REQUIRED WORK:
Transcribe, starting at the line with "Джемпер из вареного" and ending at the line with "Координатор проєкту, член-кореспондент", every line of the material below exactly, but leave out the pictures and anything outside that span.

GIVEN RECORDS:
● ● ● ● ●
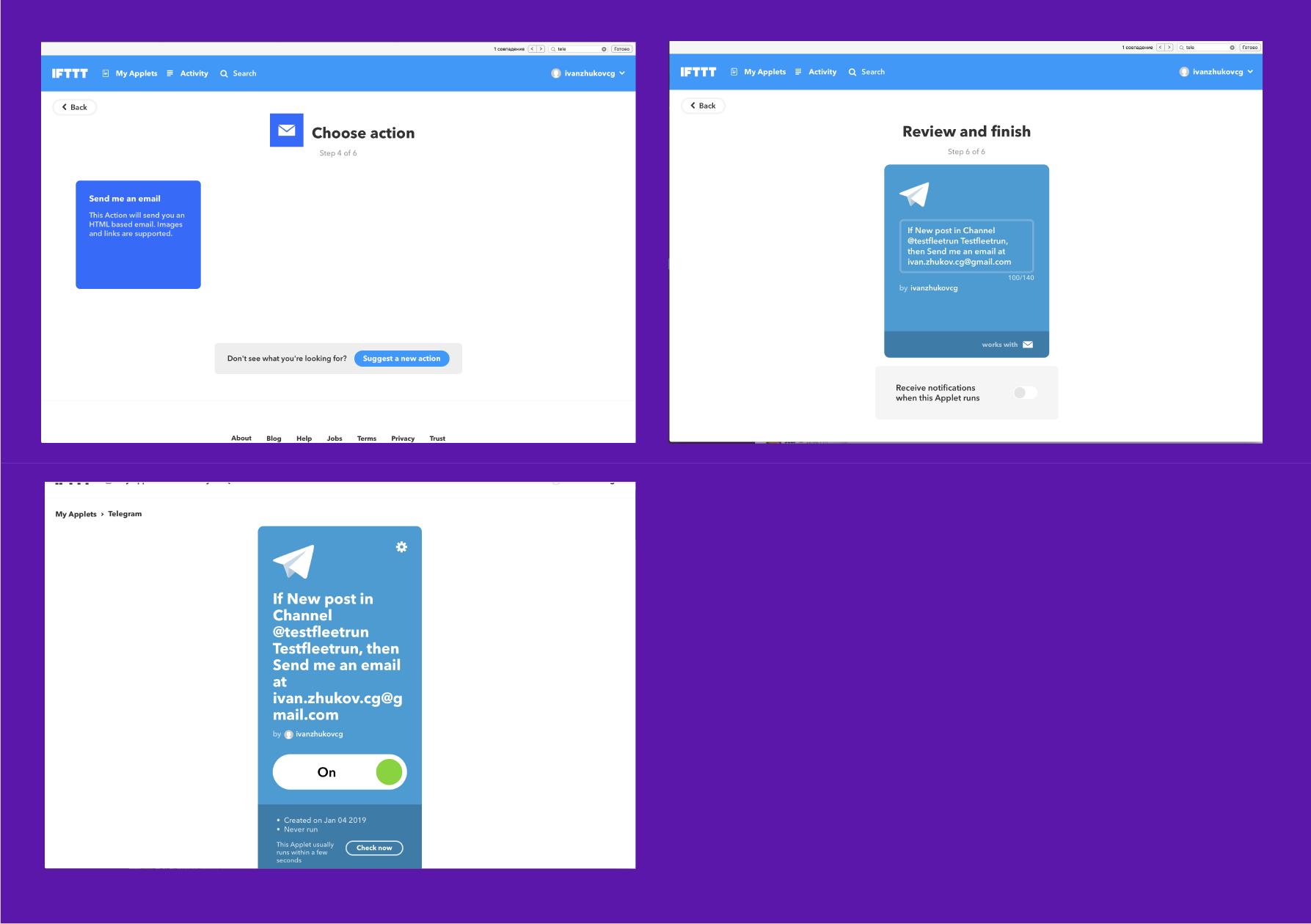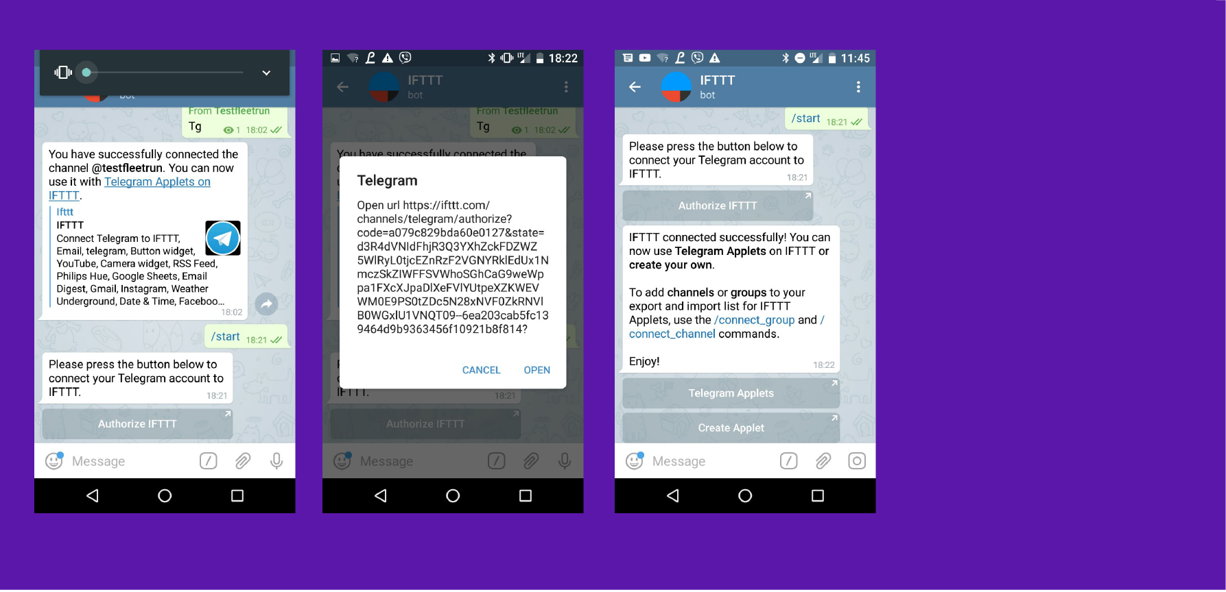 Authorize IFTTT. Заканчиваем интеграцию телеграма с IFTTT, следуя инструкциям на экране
● ● ● ● ●
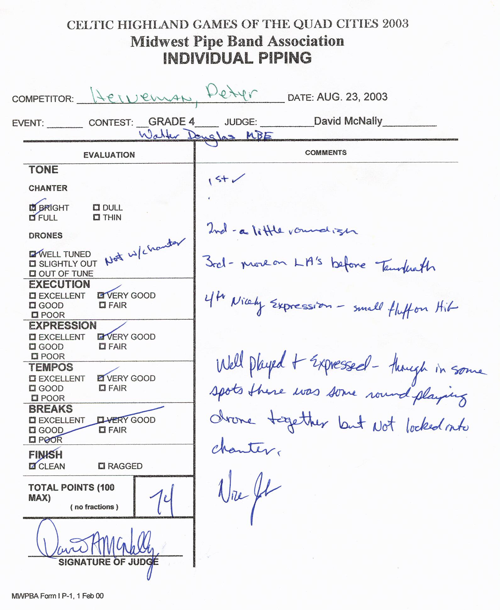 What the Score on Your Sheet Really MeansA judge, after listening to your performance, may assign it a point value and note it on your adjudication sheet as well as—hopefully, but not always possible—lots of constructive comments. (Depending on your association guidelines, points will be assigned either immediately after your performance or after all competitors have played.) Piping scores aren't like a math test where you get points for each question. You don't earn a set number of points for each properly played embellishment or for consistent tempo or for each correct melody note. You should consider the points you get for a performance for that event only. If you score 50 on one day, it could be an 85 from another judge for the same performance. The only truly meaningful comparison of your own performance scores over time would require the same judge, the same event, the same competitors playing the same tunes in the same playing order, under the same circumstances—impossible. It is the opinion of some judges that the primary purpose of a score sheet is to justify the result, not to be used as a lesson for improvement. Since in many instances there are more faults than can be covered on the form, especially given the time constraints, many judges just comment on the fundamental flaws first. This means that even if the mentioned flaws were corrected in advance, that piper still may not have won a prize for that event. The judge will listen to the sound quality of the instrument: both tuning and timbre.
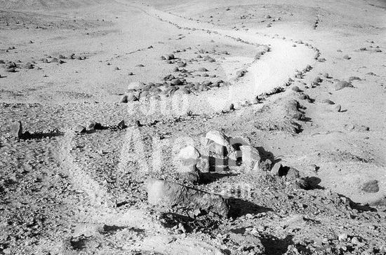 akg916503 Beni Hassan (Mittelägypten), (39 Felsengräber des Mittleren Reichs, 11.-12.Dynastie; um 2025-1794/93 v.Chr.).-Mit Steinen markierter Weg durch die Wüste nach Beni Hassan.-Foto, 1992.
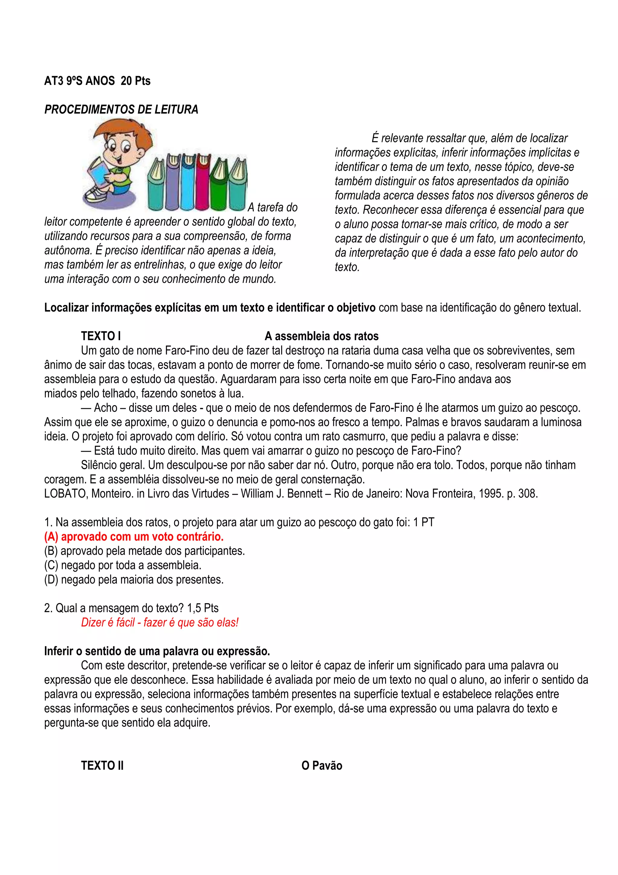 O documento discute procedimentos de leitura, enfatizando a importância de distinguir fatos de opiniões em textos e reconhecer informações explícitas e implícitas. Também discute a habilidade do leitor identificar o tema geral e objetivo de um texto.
● ● ● ● ●
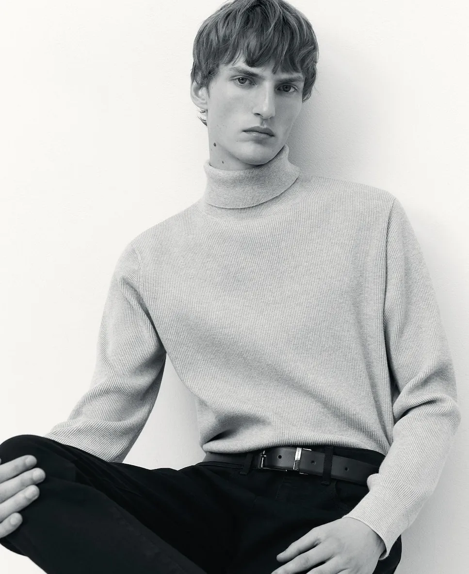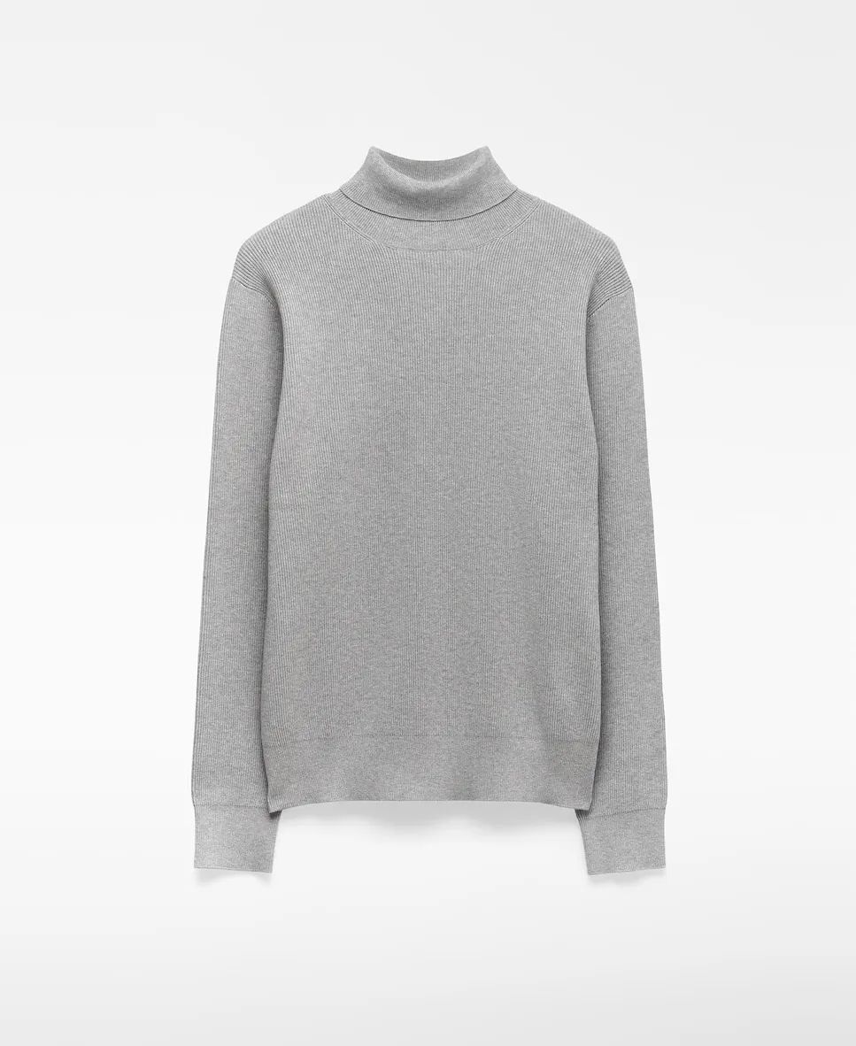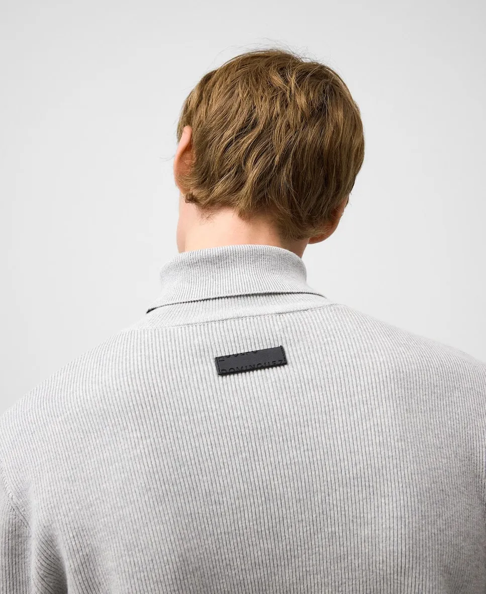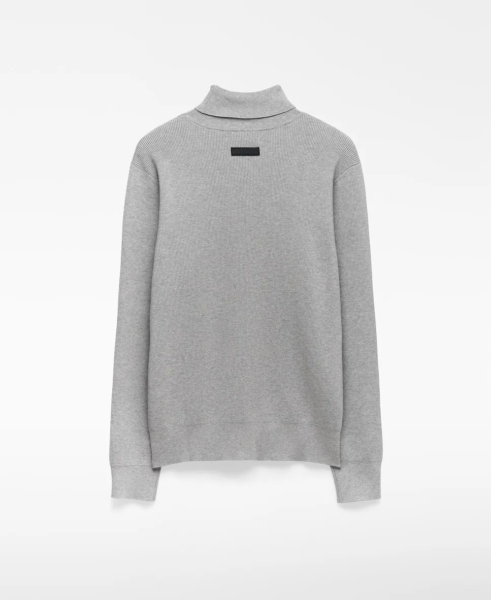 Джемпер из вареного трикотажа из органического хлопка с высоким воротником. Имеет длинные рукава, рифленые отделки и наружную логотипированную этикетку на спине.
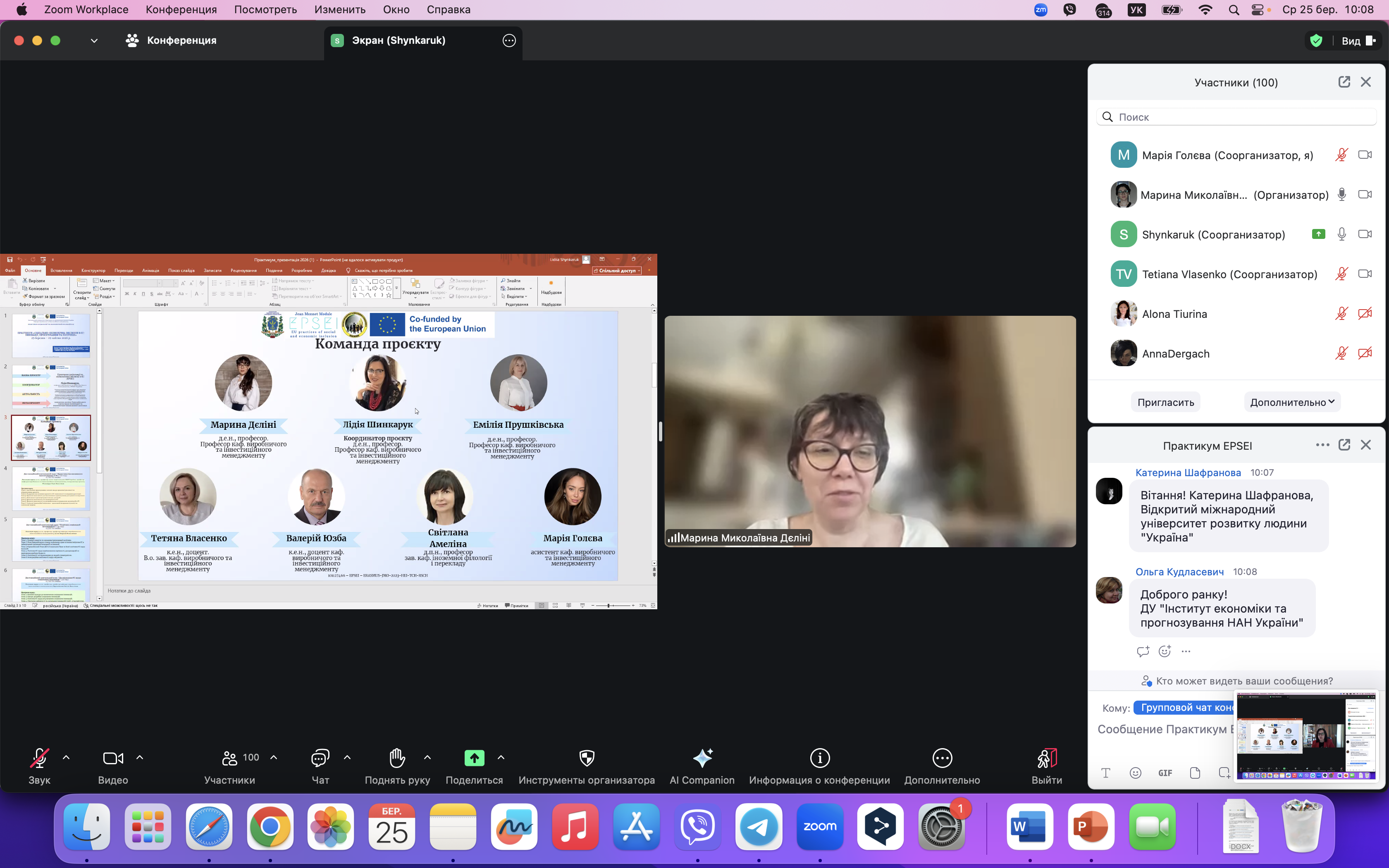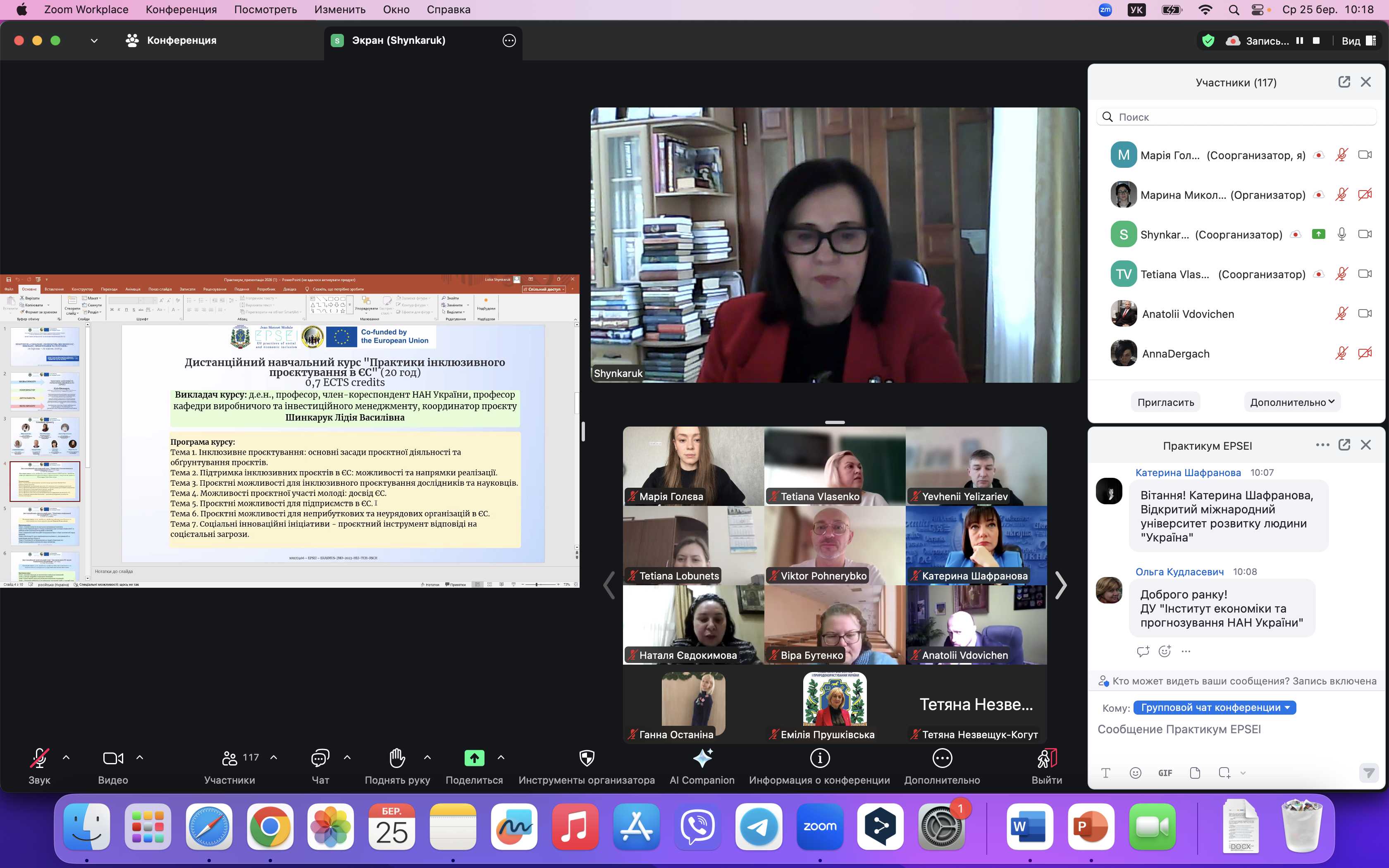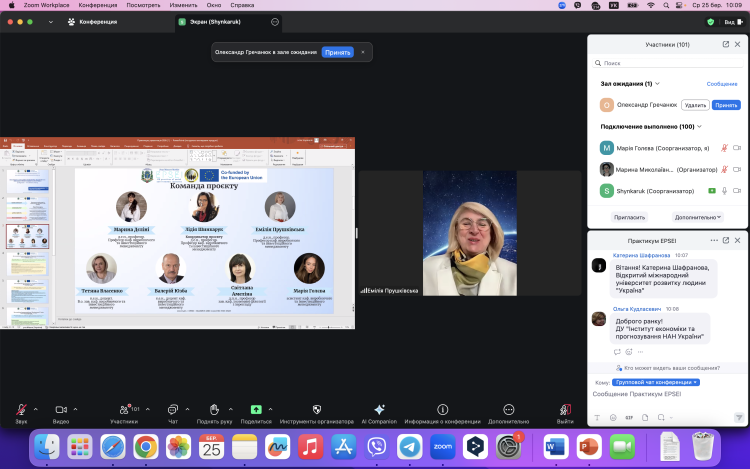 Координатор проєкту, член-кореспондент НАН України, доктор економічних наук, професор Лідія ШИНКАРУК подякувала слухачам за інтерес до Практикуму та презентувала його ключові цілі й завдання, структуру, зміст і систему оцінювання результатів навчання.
● ● ● ● ●
SOLUTION:
 Джемпер из вареного трикотажа из органического хлопка с высоким воротником. Имеет длинные рукава, рифленые отделки и наружную логотипированную этикетку на спине.
 Координатор проєкту, член-кореспондент НАН України, доктор економічних наук, професор Лідія ШИНКАРУК подякувала слухачам за інтерес до Практикуму та презентувала його ключові цілі й завдання, структуру, зміст і систему оцінювання результатів навчання.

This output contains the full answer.